Veinte minutos después, el cinco puertas blanco se detuvo en un aparcamiento de Dersthorpe junto al que vivían Elsie y Cherisse Hogan. El sargento Brian Mudie se abrió el chaleco policial impermeable y buscó bajo el asiento su pesada linterna Maglite.
– Parece que la mayoría están cerrados -dijo la agente Wendy Clissold a la luz de los faros del coche patrulla-. Yo tampoco dejaría abierto mi coche si tuviera que aparcarlo en un vertedero como éste. Lo más probable es que al volver me lo encontrara sobre cuatro ladrillos en vez de ruedas.
Mudie pensó en quedarse dentro del coche y enfocar por la ventanilla a los coches con su linterna, mientras Wendy hacía circular el coche patrulla por el aparcamiento, pero las instrucciones de Don Whitten habían sido claras: tenían que hacer la inspección a pie, mirar a través de las ventanas de los garajes y detrás de los muros… aunque fuera un incordio. Así que se caló su húmeda gorra una vez más. Llevaba la cubierta impermeable de la gorra en la guantera del salpicadero, pero Mudie prefirió dejarla allí porque pensaba que estaba ridículo con ella, se parecía demasiado a los gorritos que se ponen las mujeres para ducharse.
Movió los dedos de los pies dentro de sus empapados Doc Martens y salió al exterior. El viento soplaba desde el mar y tuvo que aguantarse la gorra con la mano libre mientras cerraba la puerta del coche con la rodilla.

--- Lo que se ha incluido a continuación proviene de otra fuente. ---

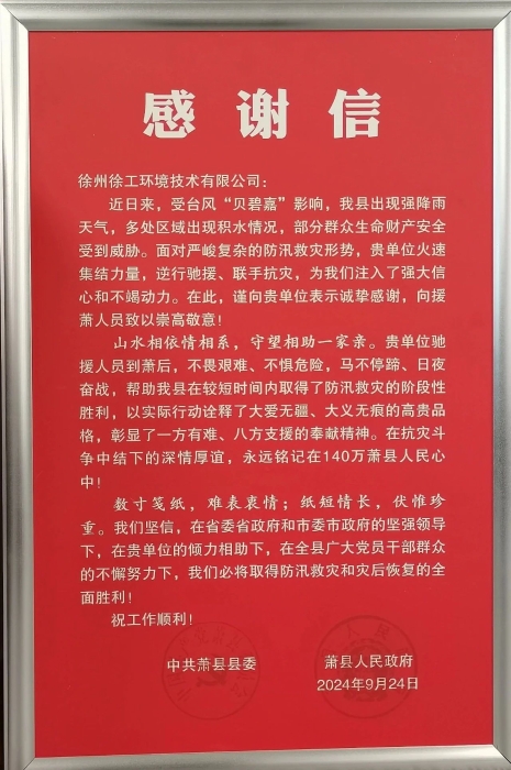 @徐工排澇搶險隊,您有一份來自蕭縣的感謝!
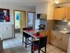 Die offene Küche als zentraler Ort mit Esstheke und zwei Barhockern ist bestens ausgestattet. Angrenzend befindet sich der Essbereich mit Tisch und 4 Stühlen.

Dentro, Wendy Clissold quedó brevemente iluminada al encender un cigarrillo. Dios, era una mujer preciosa.
Tardó cinco minutos en revisar todo el aparcamiento y ocho más en comprobar todos los coches frente al Lazy W, asegurándose de que ninguno de los que estaban cubiertos por una funda del Londis Minimart era un Vauxhall Astra. Incluso les dio un susto a dos chicos que estaban fumando un canuto dentro de un Ford Capri estacionado frente al mar.
– ¿Algo interesante? -preguntó Wendy, mientras él lanzaba su empapado equipo al asiento de atrás.

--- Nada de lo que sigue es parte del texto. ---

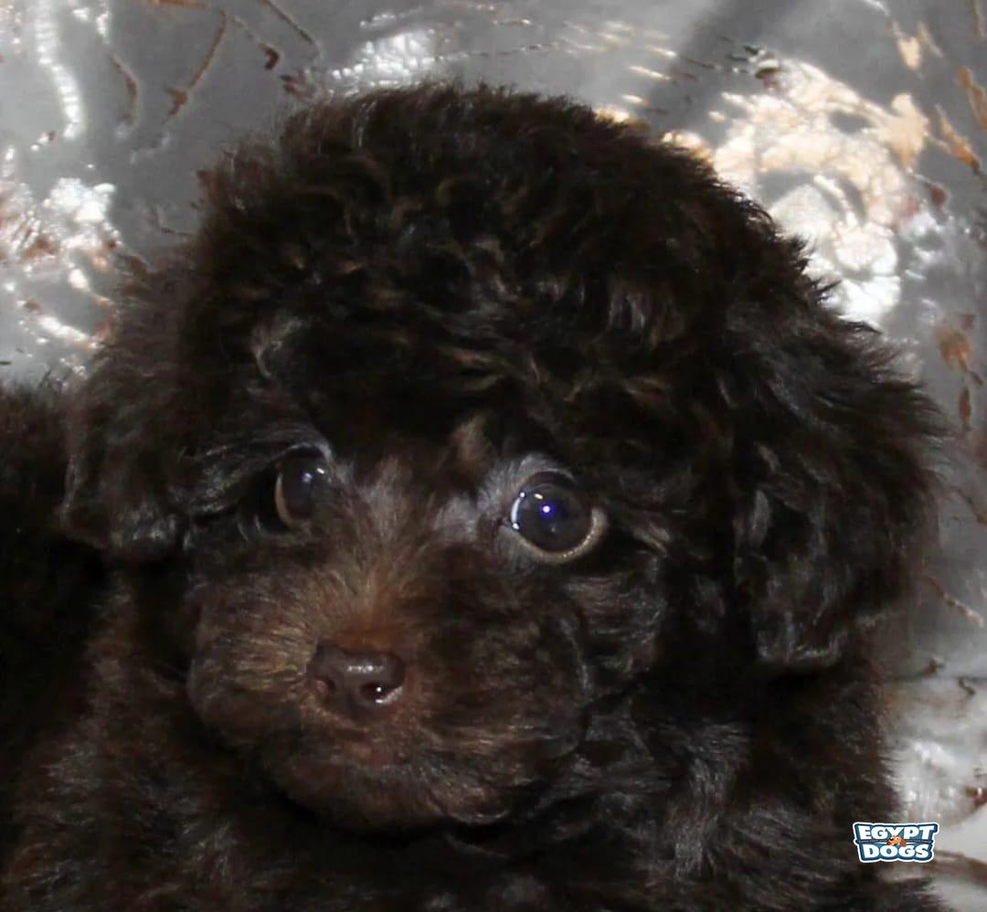 Female toy poodle puppy available. Dark chocolate color. Veterinary passport, first vaccination, and microchip.

– Claro que no. Pásame uno de esos cigarrillos.
Mientras él lo encendía, Wendy Clissold arrancó lentamente en dirección a Marsh Creake. A medio camino, metió el coche en el arcén y apagó motor y luces, dejando únicamente el débil siseo del intercomunicador. En el lado de la carretera que daba al mar se veía el salto de la espuma al romper las olas contra la playa.
Permanecieron en silencio mientras él terminaba su cigarrillo.

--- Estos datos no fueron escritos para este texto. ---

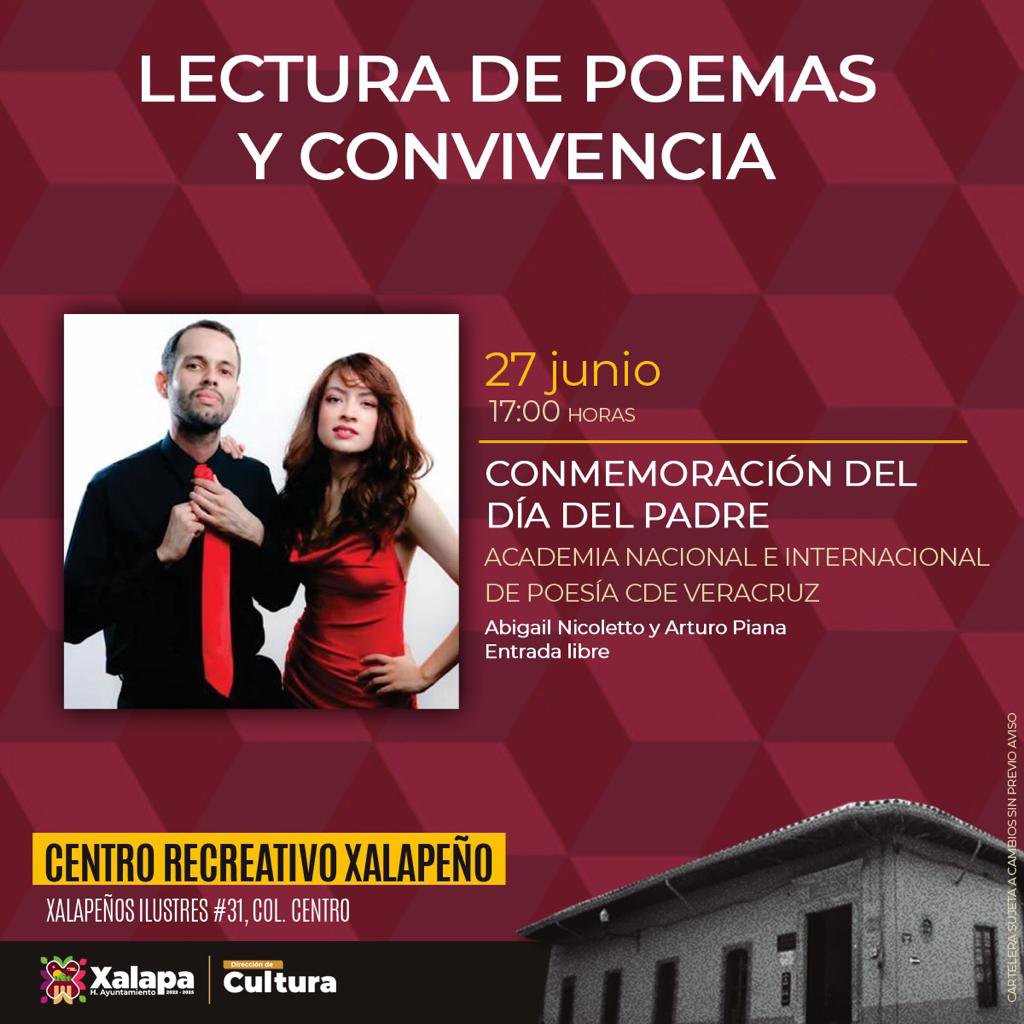 Mañana martes 27 de junio a las 17:00 horas en el Centro Recreativo Xalapeño, Abigail Nicoletto y Arturo Piana de la Academia Nacional e Internacional de Poesía CDE Veracruz estará conmemorando el Día del Padre con “Lectura de Poemas y Convivencia”; asimismo, a las 17:30 horas, la Orquesta Pauta Nueva llevará el 17º Concierto Didáctico a la Escuela Primaria Vespertina “Jesús García Corona”, y a las 18:00 horas en el Teatro JJ Herrera se trasmitirá el film “El Resplandor” (1890) de Stanley Kubrick, como parte del Cine Club “Movie- Martes”.

– ¿Seguro que tu esposa no sospecha nada? -preguntó ella al fin.
– ¿Doreen? No; está demasiado ocupada con sus culebrones y loterías. Y para ser sincero, tampoco me importaría.
– ¿Y Noelle? -siguió preguntando Clissold-. Dijiste que acababa de empezar en la escuela nueva.
– Se dará cuenta tarde o temprano, ¿no? -respondió Mudie con fatalismo. Abrió su ventanilla unos centímetros y lanzó al exterior la colilla, antes de girarse hacia Clissold.
Un par de minutos después, ella separó la cabeza de la de su compañero. Mudie parpadeó desconcertado.
– ¿Qué ocurre, cariño?
– Esos bungalows del paseo. Creo haber visto luz en uno de ellos.
– Whitten habló de Brancaster, Marsh Creake y Dersthorpe. No dijo nada del paseo.
– Aun así, sigo creyendo que deberíamos echar un vistazo.
– Cuando nos paguen un extra, haremos un par de kilómetros extra. Hasta entonces, que les den. -Ella dudó. La lluvia repicaba contra las ventanillas-. Además, tenemos que estar en Fakenham dentro de media hora. Eso nos deja… ¿qué? ¿Un cuarto?
Deslizó su mano por la suave y cálida cintura que asomaba por encima de los pantalones del uniforme. Ella se tendió en el asiento, dubitativa pero placenteramente.
– Es usted malo, sargento Mudie. Y me está dando muy mal ejemplo.
– ¿Y qué piensa hacer al respecto, agente Clissold? -susurró él, hundiendo el rostro en el pelo de su compañera-. ¿Arrestarme?